Determining the true value of cattle
SIOUX CENTER-Cattle producers from throughout Northwest Iowa gathered in Sioux Center in late January to hear speakers tell them they must band together to promote their industry, that they may have more control over the markets than they think they do and that the world demand for U.S. meat lies directly in their hands.
Ed Greiman, of Garner, president of the Iowa Cattlemen’s Association, told producers they can have a direct hand in reworking the cattle market.
“I’m not here to tell you we have a problem with the cash market,” Greiman said, “but what we’re really (finding) is that people think we do.
“Because of that, our fear is that federal regulations will come along and tell us what to do. It’s far better for the market to fix itself than for regulations to do that for us.”
Greiman said cattle producers are wondering if their markets will end up like the hog markets, where “5 percent of our trade is going to dictate the rest of our markets.”
He said there appears to be less negotiation on the live basis.
“What’s interesting in Iowa is that we’re trading more live cattle every month,” he said. “Sometimes the packers are a little more interested in stepping out every once in awhile on the live side than on the dressed cattle.”

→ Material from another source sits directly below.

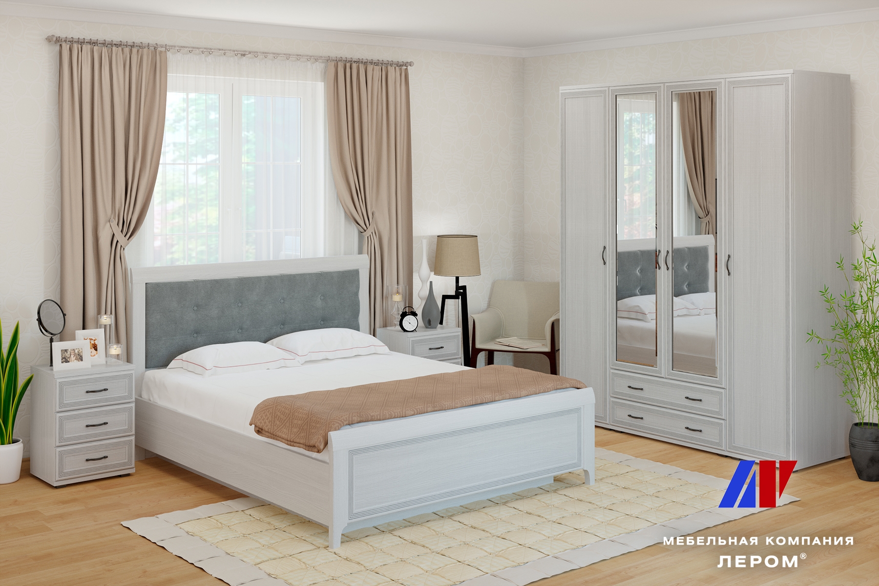 Спальня Карина - композиция 4 Снежный Ясень+велюр
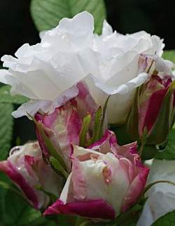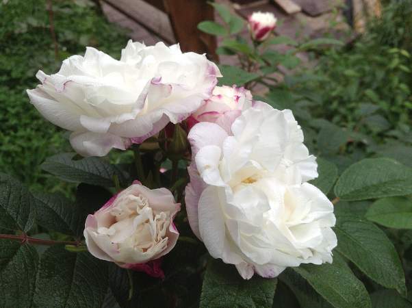 Роза Louise Bugnet (Луиза Багнет). Белые, с легкой зеленцой, махровые чашевидные цветки появляются в небольших соцветиях из вишневых бутонов.

Greiman said producers need to understand why other producers use a formula for cattle trading.
Some incentives for using it, he said, include pens being marketed when they need to be marketed, lenders being more comfortable knowing how cattle will be priced ahead of time, and higher and more predictable volumes of cattle, along with lower costs.
Greiman spoke of “public good,” using the example of a group of cow-calf producers who don’t have enough of their own land to graze their animals, but have access to common land for grazing.
“There is no real market solution because it’s free,” Greiman said, “and so it will be overgrazed to the point that it doesn’t work anymore and you can’t afford to use the grass.
“The real solution is to make everyone aware of what’s going on and let the market figure it out. Let everyone decide how they want to market their cattle, and by doing that, we can fix our own problems.”
Greiman said it comes down to negotiated price being the best they can get, and that it truly represents the value of the cattle.
“When only 4,000 head of cattle are traded in Texas, does that truly represent the real value of cattle?” he asked. “And then it has to come down to what margin of error you’re comfortable with.
“How much do we leave on the table? There’s not a great way to figure out if we’ve done a good job negotiating.”
Greiman said the question is if formula volumes weaken cash prices.
“This is the big one,” he said. “Some would argue in times of high demand and short supply like we’re in now, it doesn’t matter how few the packers are negotiating on.
“We’re going to have true price discovery because they’re all fighting over the same extra cattle they need.”
Trade volatility is a true problem, he said.
“We have more guys in Iowa that trade quarterly or monthly instead of weekly, and sometimes we can get caught in that.”
He said cattlemen’s associations brought together representatives of the 25 largest U.S. feed yards and asked them how comfortable they were with formula pricing.
He said they didn’t like it, but that they thought it was still the best way for them to price their cattle.
He said producers must think about how much pricing error is acceptable and for what proportion of time; what formulas are worth as far as dollars per head; and what reported cash prices are worth locally, regionally and nationally.
Free markets are not free, he said. Rather they require and consume resources for their use, maintenance and development.
Producers want information that comes from markets, but they also want the option to not use them.
Market function and survival should be the result of an industry-level decision instead of something that just happens, and producers need to remember the public good aspect of price discovery.
Greiman said other agricultural issues – GMOs, castration – are looming as well.
“We’re going to have to revisit these issues,” Greiman said, “and everything we do throughout the production life cycle and ask if what we do affects the well-being of an animal and the quality of the product we’re producing.”
He said bloggers and others interested in agriculture are writing about it on the internet, whether they are well-informed about it or not.
“Everything we do is being questioned right now,” Greiman said. “If we don’t make sure we’re telling our story, the 1 percent that’s telling the crazy story is going to get the attention.”